Commenting on concerns that the A-road is not wide enough for emergency vehicles to pass safely, the BCP council spokesperson said the road adhered to the national standards

‘I think it will hold up emergency vehicles and it could be a serious issue as the road is part of a main route to the hospital.

‘It would be highly unlikely that any changes would be made to the road now it has been built.’

Jean McLucas, from nearby Merley, posted online: ‘We have just driven down it and I feel rather claustrophobic as you are actually hemmed in by the high kerbs on the nearside.

‘There is no ‘escape route’ to be able to move over out of the way of anything coming towards you on the wrong side of the road or even be able to move over to make a wider path to let emergency vehicles come through the middle.’

Chris Edwards, from Bournemouth, said: ‘Not sure how a fire engine could get through if the traffic is solid both ways as the curbs are too high to drive up to clear the way. Total waste of money and creating a potential danger.’

But a spokesperson for BCP Council insisted there was room for emergency vehicles to get through and said they do not advise cars to mount the kerb.

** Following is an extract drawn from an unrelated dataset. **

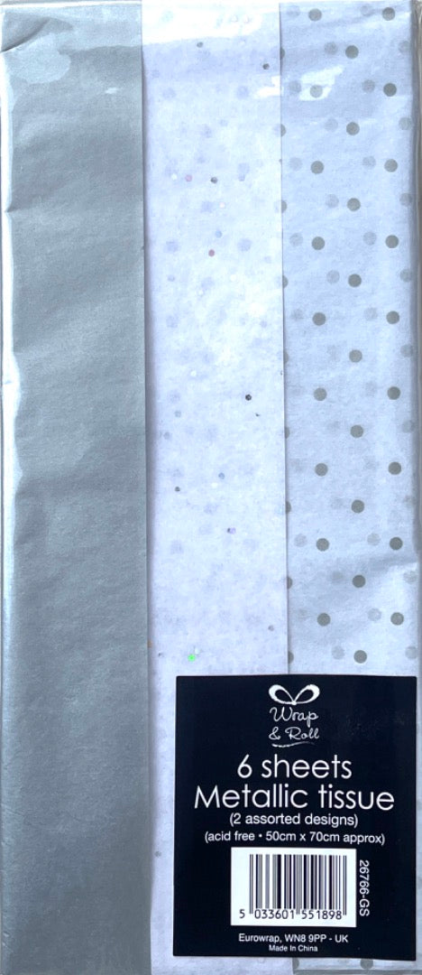 6 Sheets of Metallic Silver and White Tissue Paper Variety by Eurowrap UK - Wrap & Roll

They said: ‘It is reassuring to see that vehicles are carefully moving to the side of the road creating space for the ambulance to pass. It is not necessary to mount the kerb and we would not advise any vehicle to do this.

‘The carriageway on Whitelegg Way is between 6.4m and 6.6m wide, adhering to current national standards set by the Department for Transport.

‘It is able to be used safely by all vehicles, including emergency services vehicles, and has undergone, and will continue to undergo, a number of independent road safety audits.

‘The Transforming Cities Fund programme team are working with the emergency vehicle operators and have not received any objections about Whitelegg Way.’